The luxury couldn’t last, of course. A visit from a beloved friend sent me into a tailspin.  I became so anxious during the visit – of being boring, or annoying, or that my house (which announces my coexistence with the black dog to anyone who comes in) would appall him . . .   when I wanted him to be comfortable and at peace and to see me at something resembling my best, I certainly was not.

There are still bruises and when those bruises are bumped, I yelp.  And my friend bumped into one I hadn’t yet encountered, and I don’t think I really recovered from that  – and I didn’t yelp, I roared.

It is so hard to love someone, and at the same time to feel that these circumstances of my past have so battered and warped me that I am no longer worthy of being loved.  “Would Christ Himself see you that way?” he asked, when I confessed this to him, in fear and trembling, one evening.  Ahh, Darling, but Our Lord is not so fastidious as mortal men.  He sees beyond the superficial things that are, so often, all that we mortals can see.  There are times when spiritualizing a corporal problem doesn’t help, and this is one of them.

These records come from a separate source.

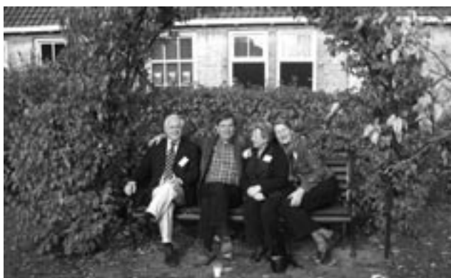
Het Haarlemse Frans Loenenhofje en het Dordtse Regenten- of Lengenhof vonden elkaar in de tuin van het Amersfoortse Pothhofje

De Hofjeskrant is voor geïnteresseerden op aanvraag beschikbaar. Bestuursleden van de aangesloten hofjes krijgen de krant automatisch op hun thuisadres.
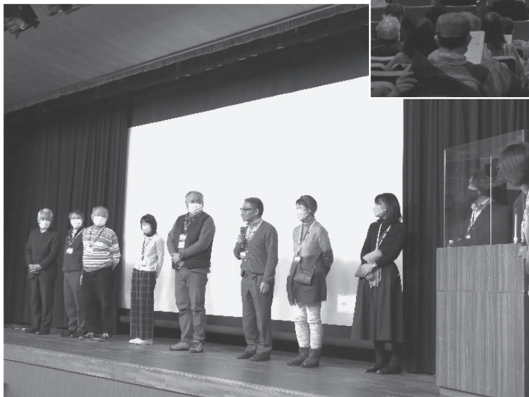
地域の支援団体の活動を紹介しました
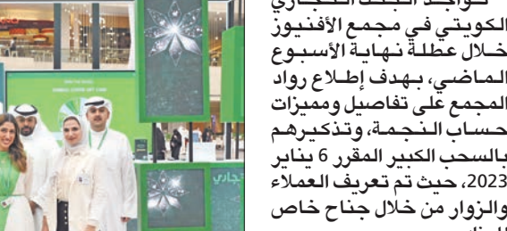
فريق البنك في المجمع

تواجد البنك التجاري الكويتي في مجمع الأفنيوز خلال عطلة نهاية الأسبوع الماضي، بهدف إطلاع رواد المجمع على تفاصيل ومميزات حساب النجمة، وتذكيرهم بالسحب الكبير المقرر 6 يناير 2023، حيث تم تعريف العملاء والزوار من خلال جناح خاص للبنك. إضافة إلى ذلك، تواجد موظفو إدارة المبيعات المباشرة، التابعة لقطاع الخدمات المصرفية لأفراد، لشرح وتدريب رواد الأفنيوز بمزايا حساب النجمة في سياق تفاعلي شرح فيه موظفو التجاري الخدمات والمزايا التي يوفرها الحساب، وأبدى الحضور تفاعلاً مع الموظفين بمشاركتهم العديد من المسابقات والفعاليات الترفيهية وتوزيع الجوائز على زوار الجناح، في إطار اهتمام البنك الدائم بعملائه وسعيه لإرضائهم بتقديم خدمات مصرفية مميزة. وشهد جناح البنك في الأفنيوز إقبالاً لافتاً من العملاء للتعرف على مزايا الحساب، وإمكانية فتحه بكل سهولة ويسر عن طريق تطبيق البنك التجاري على الهواتف الذكية، علماً أن الموعد الأخير لفتح الحساب هو 31 أكتوبر الجاري، للميلون ونصف المليون دينار، وفيما يخص السحوبات على حساب النجمة فهي تتيج فرصة الفوز بالعديد من الجوائز النقدية القيمة الأخرى على مدار العام، حيث يقدم الحساب جوائز أسبوعية بمبلغ

Nevertheless, I will go back and re-read my notes from my retreat, and I will talk with these other women some more, and I will write, and I will try to live well and to see and honor my best self — even if.

But it is hard to feel condemned, rather than called, to being alone.

Holiday challenges — Part One

The holidays are upon us – which for me runs from a couple weeks before Thanksgiving (family birthdays) until after the first of the year.  This is the time of year which brings out the best of people.  And the worst.

This is my “Black Dog” season — short days, frequent bad weather, being alone in a season that highlights families.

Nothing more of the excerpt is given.